Contratar, despedir o promocionar también reconfigura las redes internas de la empresa

Las decisiones de recursos humanos afectan a las redes internas de apoyo y conocimiento, y pueden mejorar o dañar la coordinación, la confianza y el rendimiento.

Resumen del artículo publicado en aom.org y recomendado por Digital Skills Institute el 19 de septiembre de 2026.

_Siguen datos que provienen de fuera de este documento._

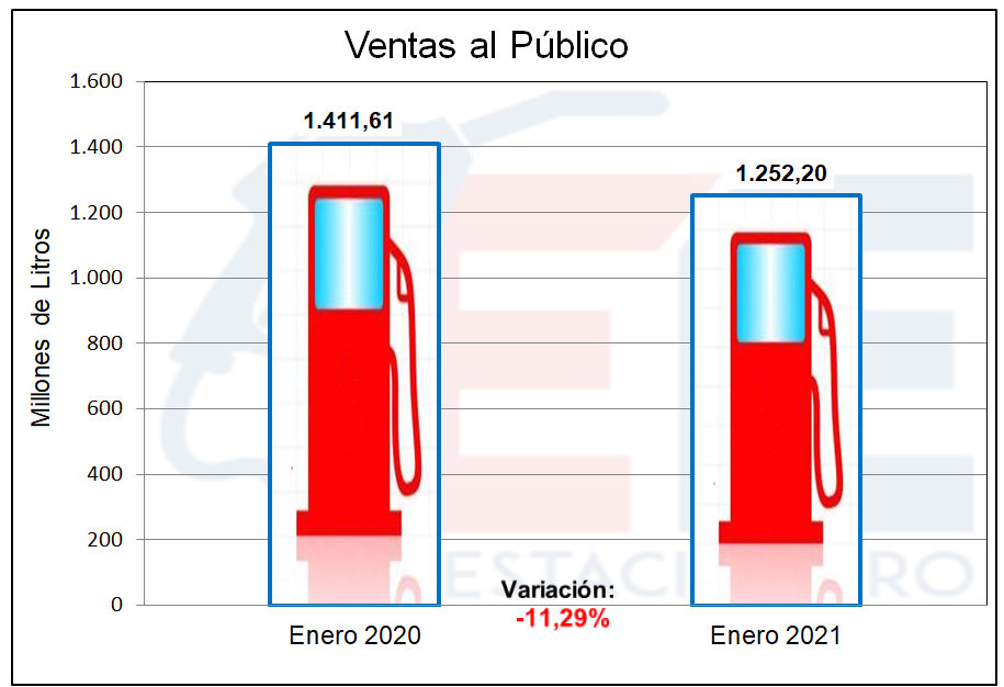 En el primer mes del año en curso, las ventas de combustibles líquidos en las estaciones de servicio se ubicaron un 11,29% por debajo del mismo mes del año anterior. De esta manera se interrumpe la tendencia alcista que venía observándose en los últimos meses luego de la tremenda caída del mes de abril del año pasado. En efecto en el mes de diciembre las ventas en la comparación interanual se ubicaban en -9,36%. Es posible que la menor actividad vacacional haya sido la causa de resultado mencionado.
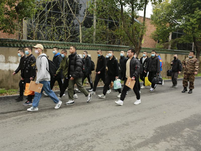 3月12日早晨我校17名預(yù)定新兵,在寶山區(qū)民兵訓(xùn)練基地外集合完畢。我校武裝部徐磊老師作簡單動員講話后,17名新兵向家長們敬禮道別,有序進(jìn)入訓(xùn)練基地。
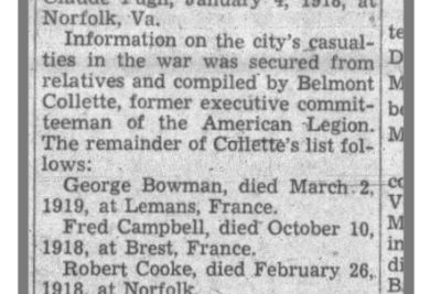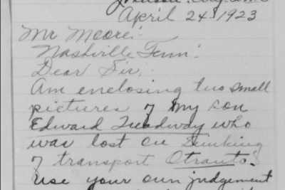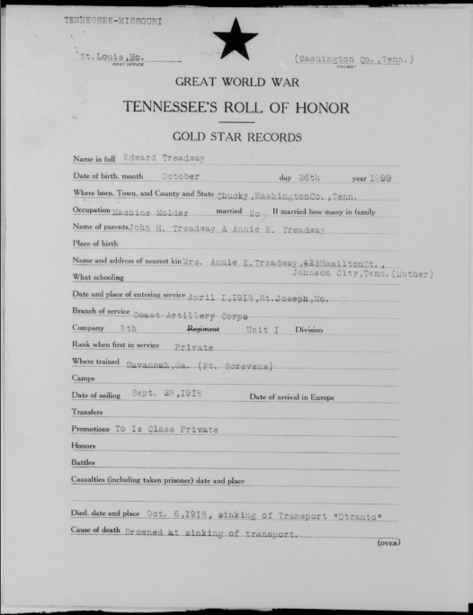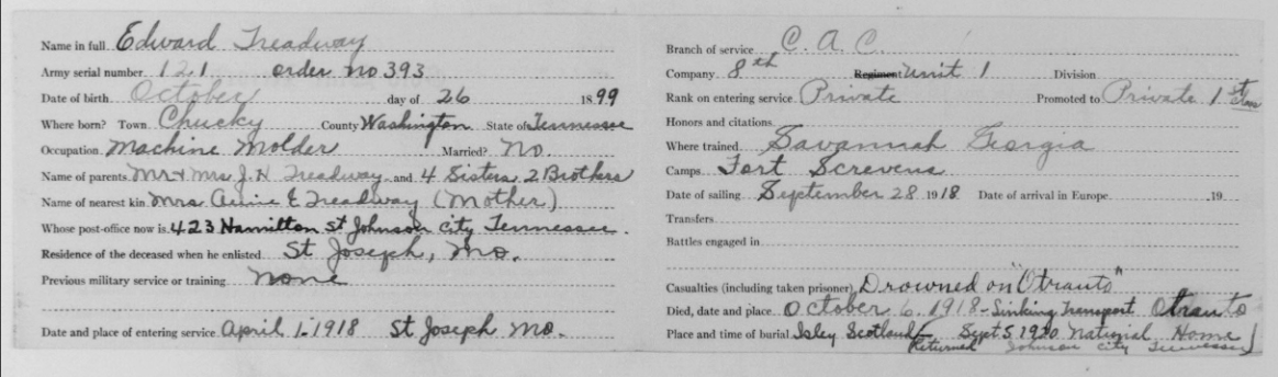 He died on 6 October 1918. He drowned with the sinking of the Transport “Otranto“. He was initially buried at Islay in Scotland and for the last time at Johnson City, TN on September 5, 1920

La idea establecida de que contratar, reducir plantilla o promocionar a alguien afecta sobre todo a la cuenta de resultados queda en entredicho. Los cambios en el número de empleados y en la distribución de responsabilidades tienen consecuencias que van más allá del balance económico: pueden mejorar o deteriorar la química entre compañeros, la eficacia del trabajo en equipo y la cohesión de las redes internas de una organización.

En lugar de mirar estas decisiones únicamente como movimientos administrativos o financieros, se propone entenderlas como intervenciones sobre las relaciones que sostienen el trabajo diario. El funcionamiento de una empresa no depende solo de las competencias individuales de sus empleados. Las personas están conectadas entre sí y no utilizan únicamente sus propios conocimientos para cumplir con sus tareas. Recurren a otros para pedir comentarios, consejo, orientación, información o mentoría, y emplean ese apoyo para desempeñar mejor su labor.

Desde esta perspectiva, las políticas de recursos humanos tienen efectos directos sobre los vínculos entre trabajadores. Comprender qué prácticas influyen en esas conexiones permite explicar mejor el rendimiento posterior de los empleados. Una contratación puede aportar nuevas capacidades, pero también alterar equilibrios previos. Una reducción de plantilla puede eliminar nodos relevantes dentro de una red informal de ayuda. Una promoción puede reforzar una trayectoria profesional, aunque al mismo tiempo cambie la forma en que otras personas se relacionan con quien asciende.

Las decisiones organizativas pueden favorecer la formación de redes internas o romperlas. Por eso conviene analizar con detalle cómo cada práctica modifica la percepción que tienen los empleados sobre su papel, sus interacciones y su posición dentro del grupo. Cuando alguien pasa a otro equipo, cambia de departamento o asume un puesto con más responsabilidades, se ve afectada su definición del propio rol: con quién trabaja, ante quién responde y qué lugar ocupa en el conjunto.

Un caso concreto ilustra esta dinámica. Dos personas pueden haber trabajado juntas durante tiempo dentro del mismo equipo y haber desarrollado una relación laboral muy eficaz. Tal vez también exista amistad entre ellas, confianza mutua y una manera ya asentada de coordinarse. Si una es promocionada y otra persona ocupa su puesto anterior, quien permanece debe reconstruir desde cero la forma de relacionarse con el nuevo compañero. Esa adaptación exige esfuerzo mental porque implica crear una nueva identidad relacional: aprender cómo interactuar con otra persona en el contexto del trabajo cotidiano.

Los directivos que comprenden mejor estos efectos están en mejores condiciones para gestionar los cambios sin deteriorar innecesariamente las redes internas. No basta con cubrir vacantes, asignar tareas o rediseñar organigramas; también hay que prever cómo se verán afectadas las relaciones que permiten compartir conocimiento y apoyo. Del mismo modo, los empleados conscientes de esas redes pueden orientar mejor sus esfuerzos para crear vínculos productivos y adaptarse a las transformaciones internas con mayor eficacia.